In a group of 100 students, 60 like Math, 45 like Physics, and 20 like both. How many students like neither subject?

Solution:

15 students

Explanation:

Let M be the set of students who like Math and P be the set who like Physics. We are given n(M) = 60, n(P) = 45, and n(M \cap P) = 20. Using the formula n(M \cup P) = n(M) + n(P) - n(M \cap P), we get 60 + 45 - 20 = 85. The number of students who like neither is n(ξ) - n(M \cup P) = 100 - 85 = 15.

Problem 2:

List the elements of the set A \cap B' where ξ = {x : x is an integer, 1 \leq x \leq 10}, A = {prime numbers}, and B = {even numbers}.

Solution:

{3, 5, 7}

Explanation:

First, define ξ = {1, 2, 3, 4, 5, 6, 7, 8, 9, 10}. Set A (primes) = {2, 3, 5, 7}. Set B (evens) = {2, 4, 6, 8, 10}. Set B' (complements of B in ξ) = {1, 3, 5, 7, 9}. The intersection A \cap B' represents elements that are prime AND odd. Looking at both sets, the common elements are {3, 5, 7}.

Problem 3:

Given n(ξ) = 30, n(A) = 15, n(B) = 12, and n(A \cup B)' = 8. Find n(A \cap B).

Solution:

5

Explanation:

First, find n(A \cup B).
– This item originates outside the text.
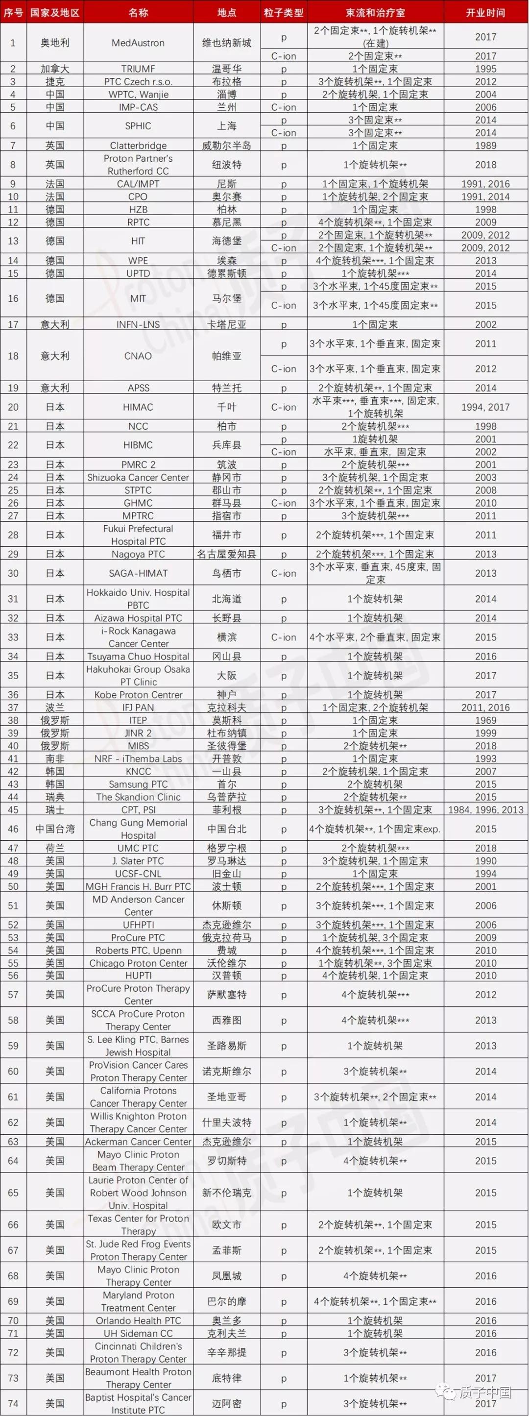 截至2018年7月,根據PTCOG官網統計,全球共有74家已運營的質子重離子治療中心,其中質子治療中心63家,重離子治療中心5家,質子/重離子治療中心6家。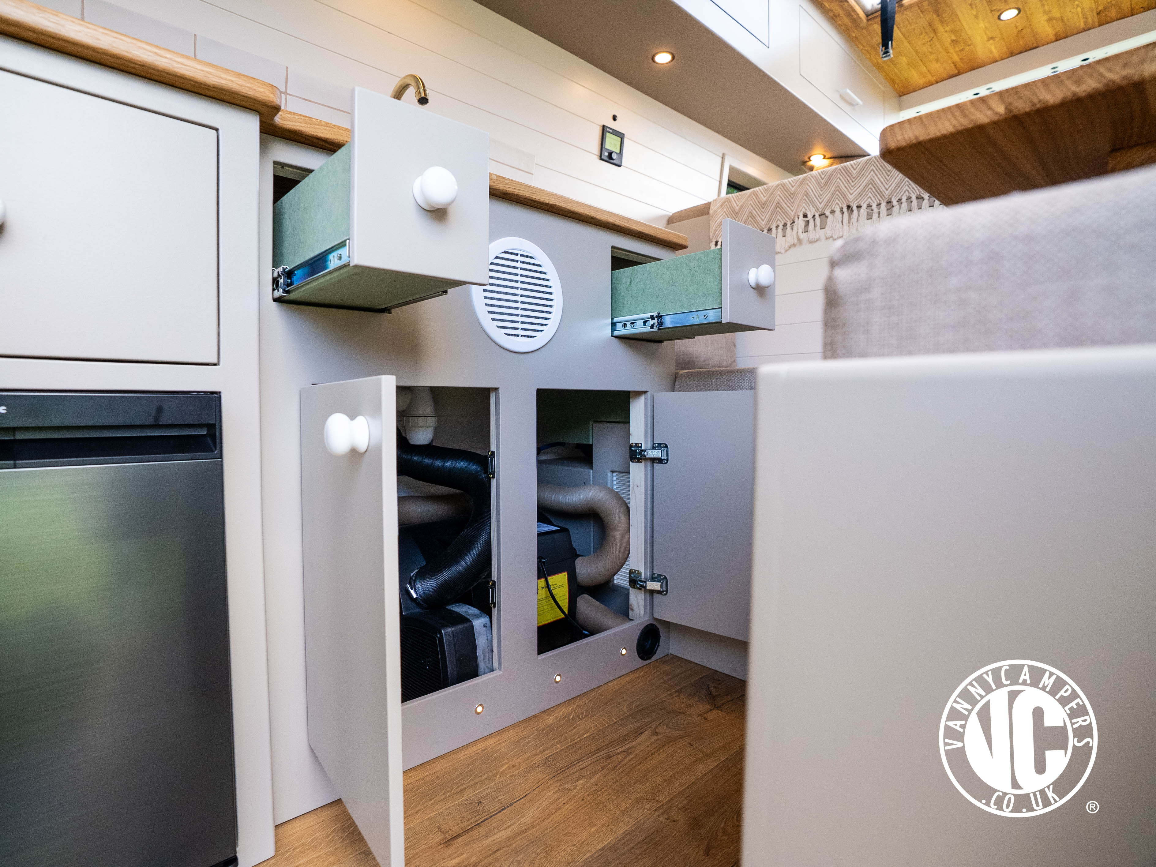 Reset and Chill have nailed it yet again with this garage. It’s a biggy! We think you could fit a couple of bikes, tents, BBQ, bags, paddleboards and still have room for a dog bed which in fact is built into this van! If the heavens happen to open when you’re wanting to access the area, you can slip through under the seating area. In the rear, you will find the electric cupboard and battery bank on the left-hand side along with the 75l water tank and gas storage on the right. The garage has its own LED lighting and some durable Altro flooring so you can throw what you like in there!

Since n(A \cup B)' = 8, then n(A \cup B) = n(ξ) - 8 = 30 - 8 = 22. Now use the inclusion-exclusion principle: n(A \cup B) = n(A) + n(B) - n(A \cap B). Substituting the values: 22 = 15 + 12 - n(A \cap B). This simplifies to 22 = 27 - n(A \cap B), so n(A \cap B) = 5.